Top of Data extract

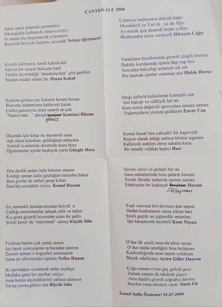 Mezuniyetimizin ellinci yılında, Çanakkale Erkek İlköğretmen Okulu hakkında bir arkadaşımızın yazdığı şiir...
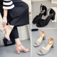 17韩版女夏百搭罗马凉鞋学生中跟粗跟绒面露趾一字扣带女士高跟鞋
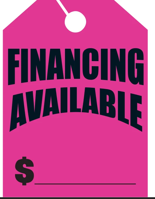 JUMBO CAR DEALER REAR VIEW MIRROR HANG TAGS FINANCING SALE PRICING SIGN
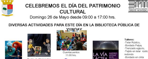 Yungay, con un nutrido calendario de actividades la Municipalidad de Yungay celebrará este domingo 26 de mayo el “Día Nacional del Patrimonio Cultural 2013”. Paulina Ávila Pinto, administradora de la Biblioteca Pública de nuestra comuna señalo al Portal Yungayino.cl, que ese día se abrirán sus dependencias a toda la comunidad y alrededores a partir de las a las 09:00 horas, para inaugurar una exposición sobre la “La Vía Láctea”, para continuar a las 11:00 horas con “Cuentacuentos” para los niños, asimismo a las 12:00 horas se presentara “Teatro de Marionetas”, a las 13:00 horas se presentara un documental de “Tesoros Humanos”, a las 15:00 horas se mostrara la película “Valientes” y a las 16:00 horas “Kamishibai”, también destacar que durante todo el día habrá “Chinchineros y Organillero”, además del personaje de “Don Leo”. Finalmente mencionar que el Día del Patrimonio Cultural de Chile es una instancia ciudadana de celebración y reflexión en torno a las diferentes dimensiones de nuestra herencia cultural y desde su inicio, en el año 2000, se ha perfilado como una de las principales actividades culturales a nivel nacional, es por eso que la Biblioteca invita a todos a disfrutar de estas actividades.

Bottom of Data extract
Top of Data extract

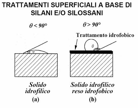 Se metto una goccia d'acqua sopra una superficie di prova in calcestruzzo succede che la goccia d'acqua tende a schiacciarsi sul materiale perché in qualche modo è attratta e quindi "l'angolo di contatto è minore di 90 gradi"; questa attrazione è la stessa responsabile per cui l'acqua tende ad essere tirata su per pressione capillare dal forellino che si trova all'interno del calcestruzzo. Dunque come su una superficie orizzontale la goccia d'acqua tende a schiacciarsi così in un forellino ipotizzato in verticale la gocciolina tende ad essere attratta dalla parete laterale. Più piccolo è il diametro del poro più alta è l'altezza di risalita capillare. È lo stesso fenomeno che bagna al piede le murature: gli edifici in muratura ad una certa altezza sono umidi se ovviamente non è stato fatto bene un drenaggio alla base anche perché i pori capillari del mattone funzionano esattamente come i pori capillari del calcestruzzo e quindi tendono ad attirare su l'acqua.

Bottom of Data extract
Top of Data extract

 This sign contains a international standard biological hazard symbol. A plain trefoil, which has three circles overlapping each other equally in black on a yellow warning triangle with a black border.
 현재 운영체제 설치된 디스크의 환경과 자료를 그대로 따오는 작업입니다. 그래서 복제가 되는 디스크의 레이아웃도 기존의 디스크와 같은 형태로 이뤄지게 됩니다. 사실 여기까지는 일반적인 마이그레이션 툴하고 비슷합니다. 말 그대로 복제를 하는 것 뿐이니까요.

Bottom of Data extract

Each line in the entries above, starting at the line with "This sign contains" and ending at the line with "현재 운영체제 설치된", is to be printed exactly, and only those lines.

**Expected answer**.
 This sign contains a international standard biological hazard symbol. A plain trefoil, which has three circles overlapping each other equally in black on a yellow warning triangle with a black border.
 현재 운영체제 설치된 디스크의 환경과 자료를 그대로 따오는 작업입니다. 그래서 복제가 되는 디스크의 레이아웃도 기존의 디스크와 같은 형태로 이뤄지게 됩니다. 사실 여기까지는 일반적인 마이그레이션 툴하고 비슷합니다. 말 그대로 복제를 하는 것 뿐이니까요.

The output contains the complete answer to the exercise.